What a marvelous mismatch!

Manny Pacquiao was a masterpiece, Lucas Matthysse a big joke.

There are several other superlatives fit to celebrate Pacquiao’s glittering one-man show in Kuala Lumpur on Sunday.  He indeed looked nearly as magnificent as the younger Pacquiao of old. Better yet, he was magically more mature. He has patiently, painfully graduated from a devil-may-care slugger into masterful well-rounded warrior.

Pacquiao himself was a masterpiece. But it would be wrong to call his triumph, the 60th in his legendary career, a classic, or one memorable theater for the ages.

There was hardly a conflict, no clear risk. There was also the absence of catharsis.

The tale was concluded right after the first round.

Of course, the one-sided result generated instant hysteria, to the point that it had been taken as a victory song that supposedly united our poor conflicted nation.

There swirled an infectious national delight.

Yes, marvelous. But wasn’t the fight, in its impurity, also a tasteless and shameful mismatch?

Majority of local fans would realize the morning after how they had been short-changed, as though served a spoiled dish in a banquet.

Pacquiao, 39, did loom young as 28 at the first bell. He was cautious, tentative at the start.

It took no time before he turned sharp and wholly dominant, thereby reducing Matthysse into an easy cowering target.

Pacquiao dropped his confused, undecided foe a total of three times, before the referee waved Matthysse out after he spat his mouthpiece at the end of the seventh round.

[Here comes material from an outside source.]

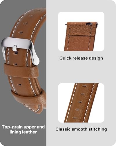 12 Colors for Quick Release Leather Watch Band, Fullmosa Axus Genuine Leather Watch Strap,Brown,22mm

By the way, a couple of days before the championship, Pacquiao said he felt young and fully renewed.

“I’m excited, I’m hungry, I’m happy,” he declared.

Ahead of Pacquiao, Matthysse, heavily tattooed like a feared goon, was claiming he would be ready to die to defend his crown.

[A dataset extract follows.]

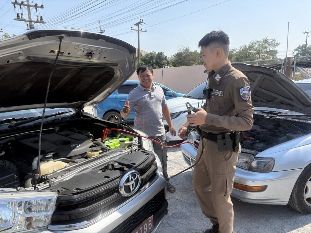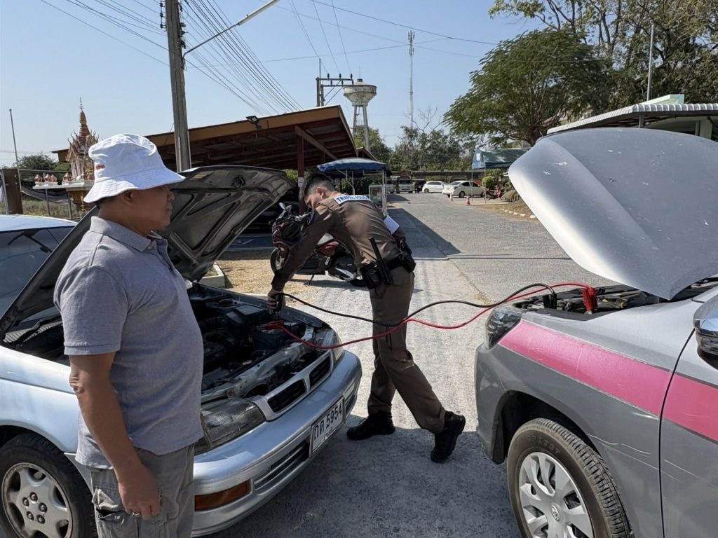 วันที่ 12 ม.ค.69 เวลา 11.30 น. จ.ส.ต.ทศพร ฟักเนียม ผบ.หมู่(ป.) สภ.หนองโดน และ ส.ต.ต. ณัฐดนัย ทองดีโลก บ.หมู่(ป.) สภ.หนองโดน ปฏิบัติหน้าที่จราจร ปฏิบัติหน้าที่จราจร ได้รับแจ้งจากศูนย์วิทยุหนองโดน ประชาชนขอความช่วยเหลือ รถยนต์แบตเตอรี่หมด บริเวณลานจอดรถ รพ.หนองโดน จึงได้ให้ความช่วยเหลือพ่วงแบตฯ จนสามารถสตาร์ทติดเดินทางต่อไปได้

What caused the dreadful deterioration?

“Matthysse did not fight. He did not try,” cried the famous boxing expert and analyst Teddy Atlas.

Defended Matthysse:, heading home after collecting a fat paycheck  “I go home with my head raised very high. I came in and in there but nothing played out as I wanted.”

It could be the end of his career, but Matthysse said he would rest before deciding on his future.

Is there a future for a high-powered warrior, a knockout artist, who surrendered on his knees without taking a legit killer punch?

Mathysse was a big joke.

He was undecided on whether to run to the bank or return to his corner.